Libertà, Jonathan Franzen

CAA03537a - foto: jerryoldenettel, flickr
CAA03537a – foto: jerryoldenettel, flickr

Probabilmente *Libertà* di Jonathan Franzen, ed. Einaudi, è il libro di cui si è più parlato in questi ultimi mesi; dopo il successo de *Le correzioni*, del resto, non era difficile crederlo.

*Le correzioni* mi è piaciuto molto, gli altri libri abbastanza, e quindi è stato con grande attesa che ho aspettato la pubblicazione in Italia. Il giorno in cui l’ho iniziato, sul Sole24Ore della domenica un articolo di Tim Parks lo stroncava _un buon libro, ma non un capolavoro_, così come le recensioni di tanti altri critici _vedi sempre su IlSole24Ore *I due partiti su Franzen. «Freedom» divide i lettori tra scettici ed entusiasti. Ecco le loro ragioni* di Francesco Pacifico.

Lascio però ai veri critici questa disputa, e mi limito a dire che a me è piaciuto molto anche *Libertà*, anzi, moltissimo. Oltre 600 pagine, che però, purtroppo, sono volate via troppo velocemente.

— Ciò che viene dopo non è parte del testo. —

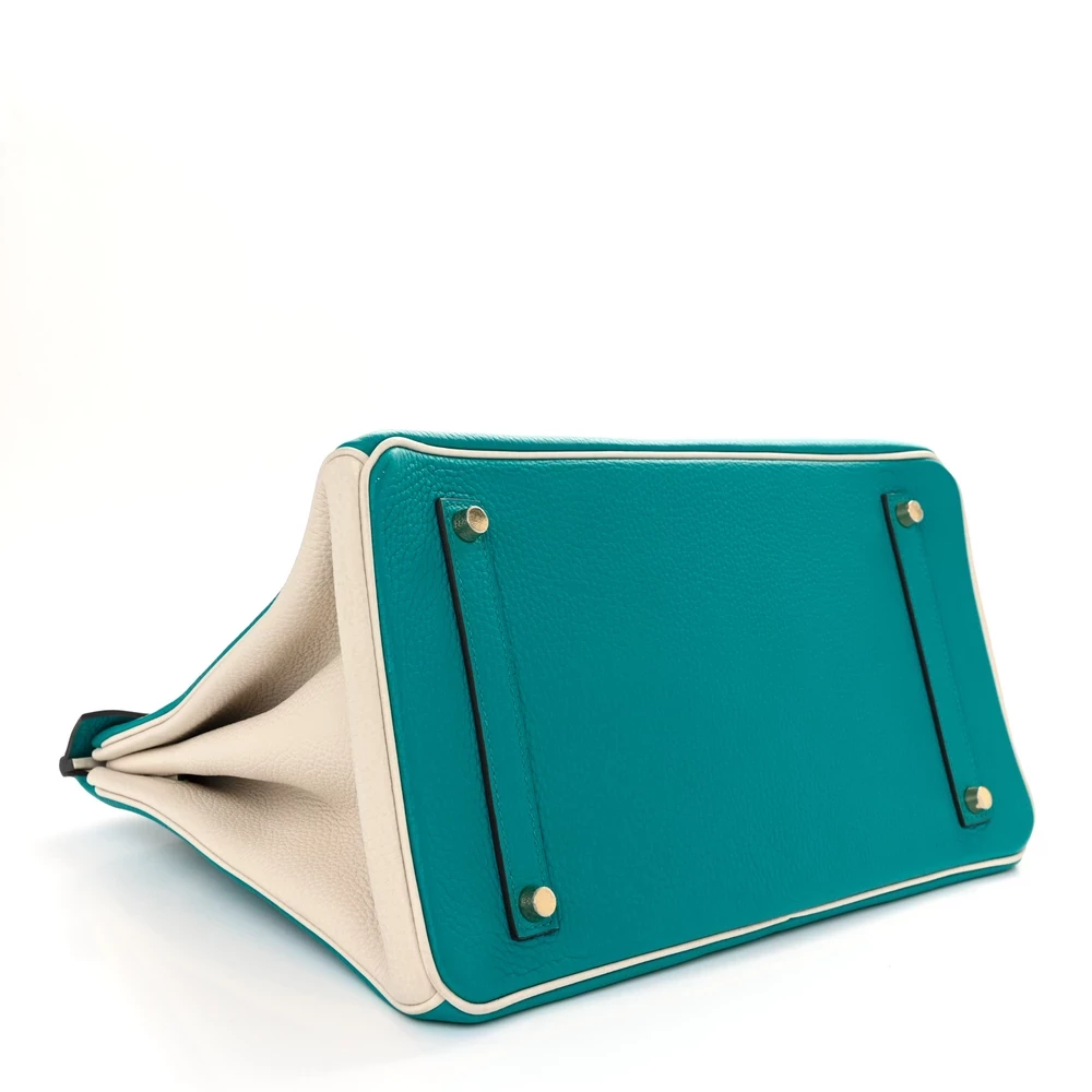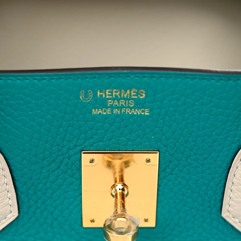 This Hermès Taurillon Clémence Horseshoe Birkin 35 in Bleu Paon & Béton is a highly exclusive, custom-order handbag featuring a striking two-tone combination. The rich teal shade of Bleu Paon contrasts beautifully with the soft, neutral Béton, creating a sophisticated and rare design. Crafted from Taurillon Clémence leather, it offers a slightly relaxed silhouette with a luxurious texture. Measuring 35 cm, it is spacious and ideal for daily elegance. Gold hardware adds a warm touch, completing this collector’s piece.

Non so poi se fra qualche anno mi ricorderò ancora di questo libro, o mi avrà lasciato delle sensazioni talmente forti da rimanere nonostante l’accumulo nel frattempo di altre decine di libri, fattore che per me determina un vero capolavoro.

Nel frattempo, ho seguito con ansia, gioia, tristezza, a volte con un sorriso, le vicende di Walter, Patty e Richard, e di Joey, Connie, Jessica, Lalitha. Mi sono esaltata quando Richard e Walter sono andati al concerto di Bright Eyes _uno dei miei cantanti preferiti_, episodio descritto nei minimi dettagli a occupare ben quattro pagine, terminando con una delle frasi migliori del libro: “[riferito a Lifted – il nome dell’album di BE]. E’ come la religione senza le stronzate dei dogmi religiosi”. In effetti, mi sono un po’ scocciata in alcuni punti, quando i riferimenti culturali, a prodotti, episodi, sono risultati di difficile comprensione per una persona non americana. D’accordo, di sicuro sono un’americanofila, e questo è stato determinante… Però, se potessi, mi rimetterei a leggere da capo *Libertà* anche ora.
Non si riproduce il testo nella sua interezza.